B = gpucoder.stencilKernel(FUN,A,[M N],shape,param1,param2...) applies the function FUN to each [M,N] sliding window of the input A. Function FUN is called for each [M,N] submatrix of A and computes an element of output B. The index of this element corresponds to the center of the [M,N] window.

FUN is the handle to a user-defined function that returns a scalar output of the same type as the input.

C= FUN(X,param1,param2, ...)

X is the [M,N] submatrix of the original input A. X can be zero-padded when necessary, for instance at the boundaries of input A. X and the window can also be 1-D.

C is a scalar valued output of FUN. It is the output computed for the center element of the [M,N] array X and is assigned to the corresponding element of the output array B.

param1,param2 are optional arguments. Pass these arguments if FUN requires any additional parameters in addition to the input window.

The window [M,N] must be less than or equal to the size of A, with the same shape as A.

If A is 1-D row vector, the window must be [1,N].

If A is 1-D column vector, the window must be [N,1].

shape determines the size of the output array B. It can have one of three possible values:

  • 'same' - Returns output B that is the same size as A.

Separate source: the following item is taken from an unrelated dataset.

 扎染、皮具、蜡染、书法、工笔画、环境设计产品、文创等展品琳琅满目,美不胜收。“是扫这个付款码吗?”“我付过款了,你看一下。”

  • 'full' - (default) Returns the full output. Size of B > size of A, that is, if A is of size (x,y). Size of B = [x + floor(M/2), y + floor(N/2)]

  • 'valid' - Returns only those parts of the output that are computed without the zero-padded edges of A. Size of B = [x - floor(M/2), y - floor(N/2)]

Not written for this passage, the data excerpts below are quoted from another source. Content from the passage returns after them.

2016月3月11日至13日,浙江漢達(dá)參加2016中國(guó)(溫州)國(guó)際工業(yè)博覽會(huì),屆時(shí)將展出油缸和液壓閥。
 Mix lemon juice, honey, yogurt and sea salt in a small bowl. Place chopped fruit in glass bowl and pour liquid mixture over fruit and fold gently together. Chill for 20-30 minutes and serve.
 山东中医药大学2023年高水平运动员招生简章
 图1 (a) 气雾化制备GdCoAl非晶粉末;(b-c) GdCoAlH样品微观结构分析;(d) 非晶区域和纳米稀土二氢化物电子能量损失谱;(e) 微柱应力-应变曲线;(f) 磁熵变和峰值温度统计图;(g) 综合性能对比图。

The input A must be a vector or matrix with a numeric type supported by FUN. The class of B is the same as the class of A.

Code generation is supported only for fixed size outputs. Shape and window must be compile-time constants because they determine the size of the output.


collapse all

This example shows how to use the gpucoder.stencilKernel and generate CUDA® kernels that perform filtering of an image by using stencil operations.

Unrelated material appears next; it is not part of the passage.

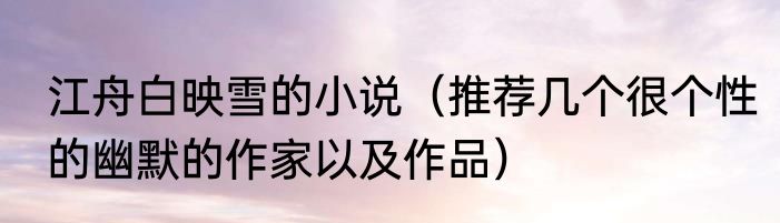 江舟白映雪的小说(推荐几个很个性的幽默的作家以及作品)

This example performs mean filtering of a 2-D image. In one file, write the entry-point function test that accepts an image matrix A. Create a subfunction my_mean that computes the mean of the 3x3 submatrix.

function B = meanImgFilt(A)  %#codegen
  B = gpucoder.stencilKernel(@my_mean,A,[3 3],'same');
  function out = my_mean(A)
    out = cast(mean(A(:)), class(A));

Set up the test input image for the meanImgFilt function.

inImage = im2double(imread('cameraman.tif'));

Use the codegen function to generate CUDA MEX function.

codegen -config coder.gpuConfig('mex') -args {inImage} -report meanImgFilt

GPU Coder creates three kernels: meanImgFilt_kernel1 for initializing memory, meanImgFilt_kernel2 for optimizing the input memory structure, and meanImgFilt_kernel3 for mean filtering operation. The following is a snippet of the generated code.

  cudaMalloc(&gpu_B, 524288ULL);
  cudaMalloc(&gpu_A, 524288ULL);
  cudaMalloc(&gpu_expanded, 532512ULL);
  meanImgFilt_kernel1<<<dim3(131U, 1U, 1U), dim3(512U, 1U, 1U)>>>(gpu_expanded);
  cudaMemcpy((void *)gpu_A, (void *)&A[0], 524288ULL, cudaMemcpyHostToDevice);
  meanImgFilt_kernel2<<<dim3(128U, 1U, 1U), dim3(512U, 1U, 1U)>>>(gpu_A,
  meanImgFilt_kernel3<<<dim3(8U, 8U, 1U), dim3(32U, 32U, 1U)>>>(gpu_expanded,
  cudaMemcpy((void *)&B[0], (void *)gpu_B, 524288ULL, cudaMemcpyDeviceToHost);

meanImgFilt_kernel3 uses shared memory (__shared__ qualifier) to improve memory bandwidth and data locality.


  • For very large input sizes, the gpucoder.stencilKernel function may produce CUDA code that does not numerically match the MATLAB® simulation. In such cases, consider reducing the size of the input to produce accurate results..

Introduced in R2017b